Eric Clapton was perhaps the biggest fanboy of the Bramletts; citing that “Delaney taught me everything I know about singing.” After cutting an album with them (On Tour with Eric Clapton), Clapton formed a group called Derek and the Dominoes that featured four ex-D&B’ers: Bobby Whitlock (keyboards), Carl Radle (bass), Jim Gordon (drums) and guitarist Duane Allman, who played on four of the Bramlett’s seven albums.

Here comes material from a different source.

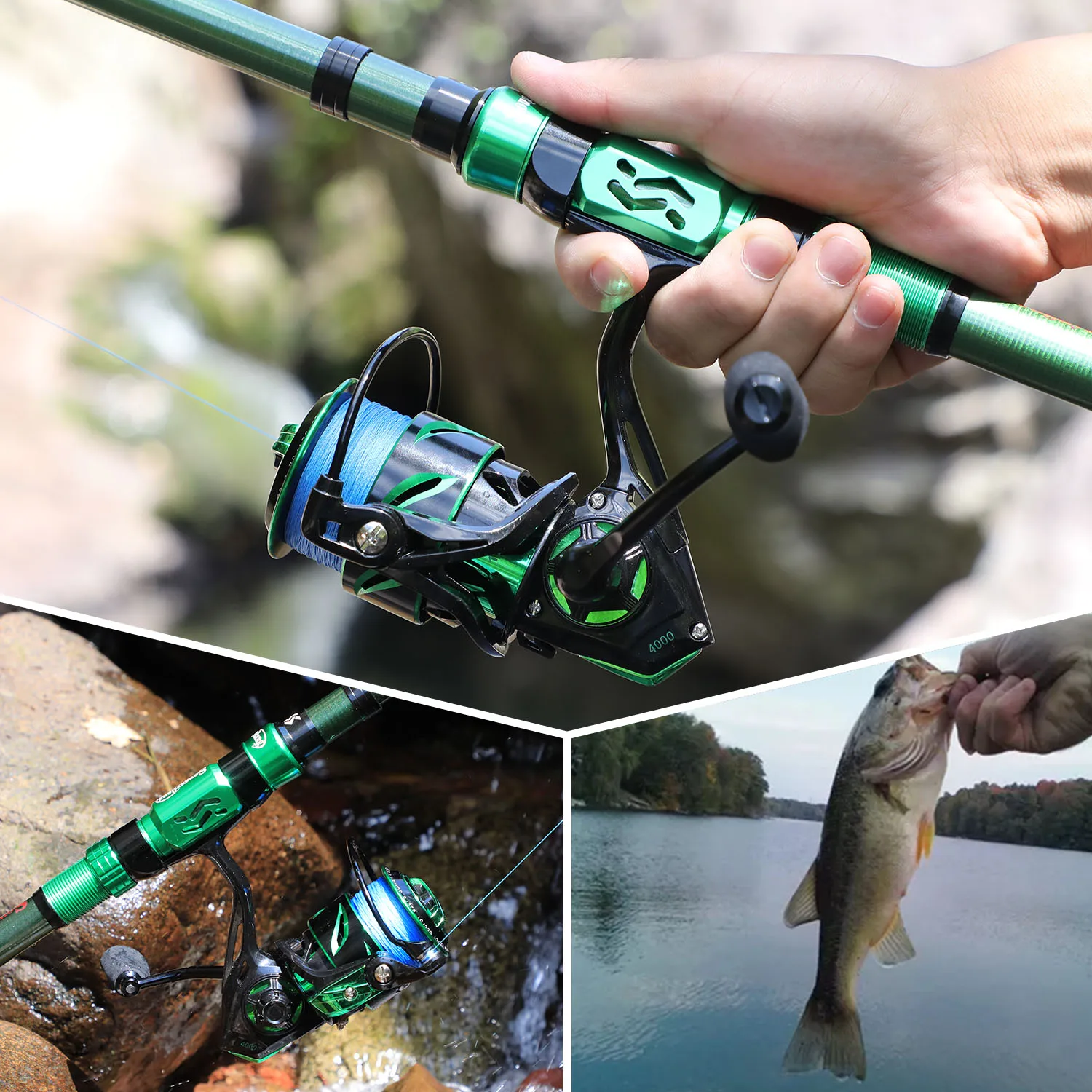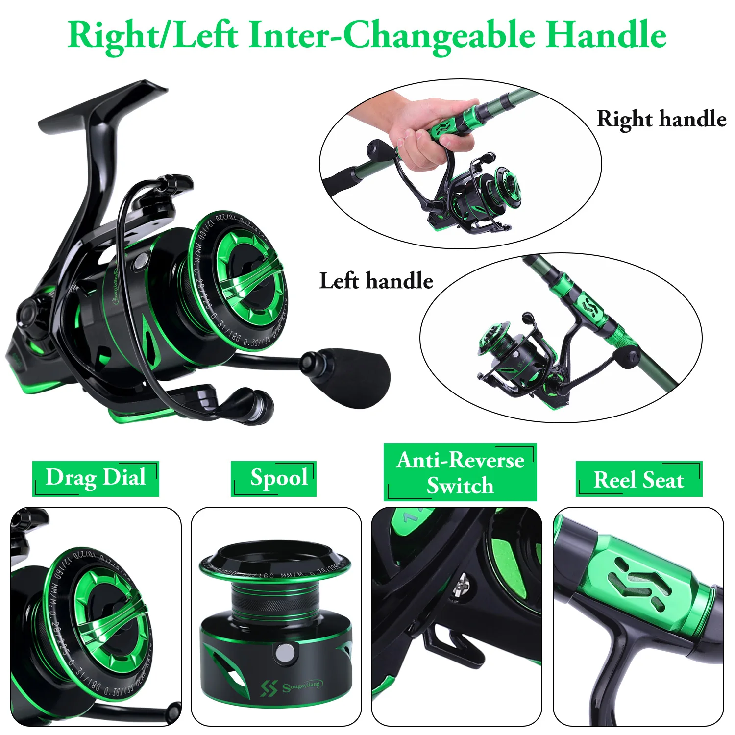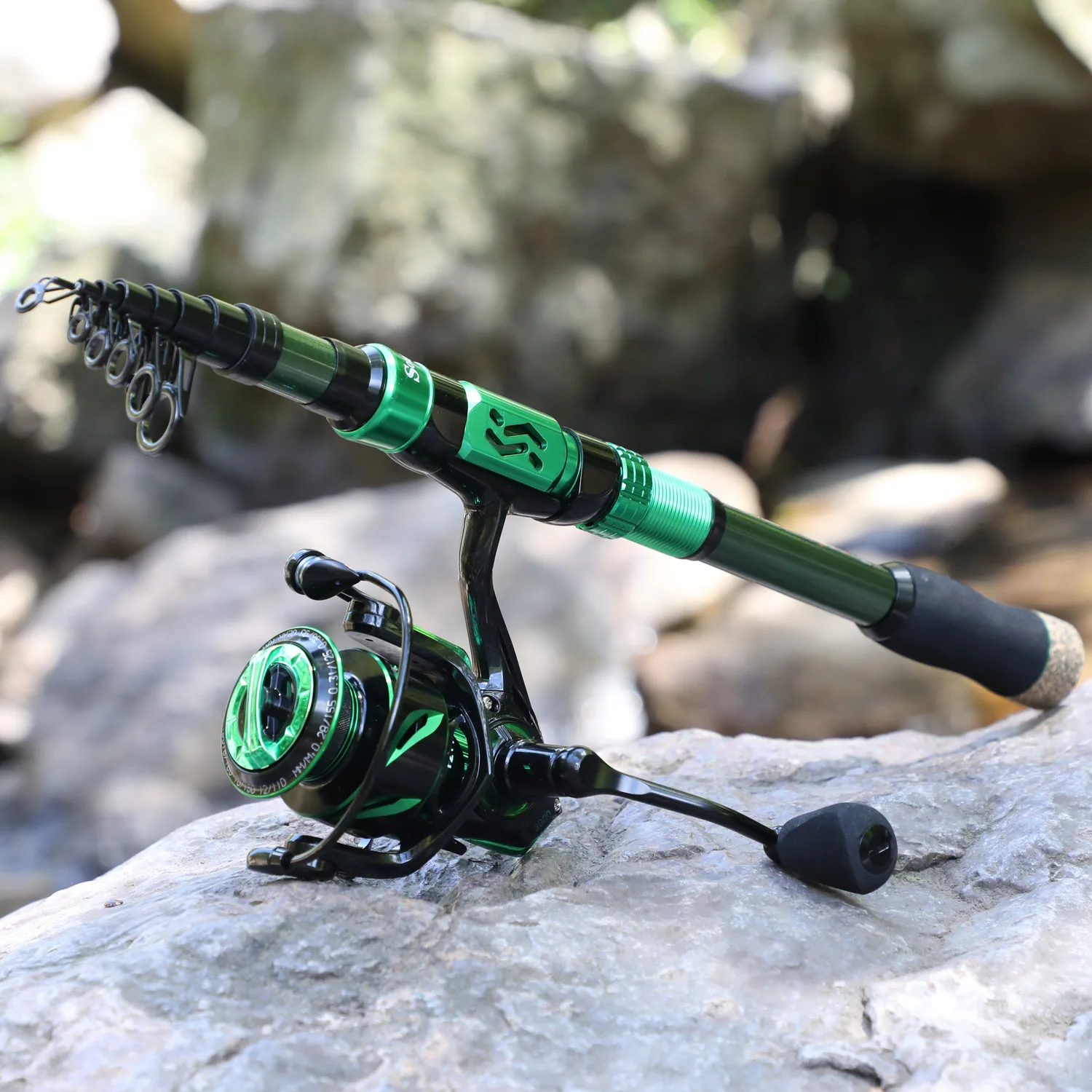 Sougayilang, combo de carrete de caña de pescar, carrete giratorio telescópico de fibra de carbono de 24 toneladas para pesca en agua dulce y salada
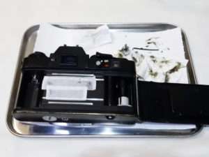 基本的な動作に問題はないですが、一応底蓋を外して電池ボックスの腐食やオイルやグリス切れがないか確認します。汚れているようであれば無水エタノールやベンジンを使ってパーツをクリーニングします。カメラは車やバイクと違って最小限でもオイルは多すぎるくらいなので、間違っても556など潤滑剤のスプレーを吹き掛けたりしないようにしましょう。無水エタノールやベンジンを使用する時には別皿に移してコスメ用の注射器に入れてごく少量のみ使用します。

But alas, critics and fellow musicians can’t convince a record company to keep a skilled but underselling band under contract. Indeed, there have been countless “and bands” that make a big splash only to see their record sales slow to a trickle.

Related: “What Happened to the Pop Duo?”

Such was the case of Friend and Lover, which consisted of the husband and wife team, Jim and Cathy Post. Their tune, “Reach Out of the Darkness,” which featured Ray Stevens’ keyboards and strings arrangement, zoomed to the #1 spot in 1968.

Unfortunately, Friend and Lover’s album and career rapidly declined—as did the Post’s marriage which further proves that songs espousing love sung to a spouse is sometimes not a good formula for a good marriage* (*see the Bramletts, George Jones and Tammy Wynette, Richard and Linda Thompson, Sonny and Cher, all of ABBA, etc.).

But maybe it’s not the music the “and bands” made that resulted in dismal record sales. Perhaps it’s the fact that the word “and” is in their group’s name that doomed them to fail.

After all, Buckingham Nicks happily left their band’s name in the dust to join what turned out to be a much more lucrative one: Fleetwood Mac.

-Mark Daponte

Photo: Denny Zager (L) and Rick Evans (R) — publicity photo.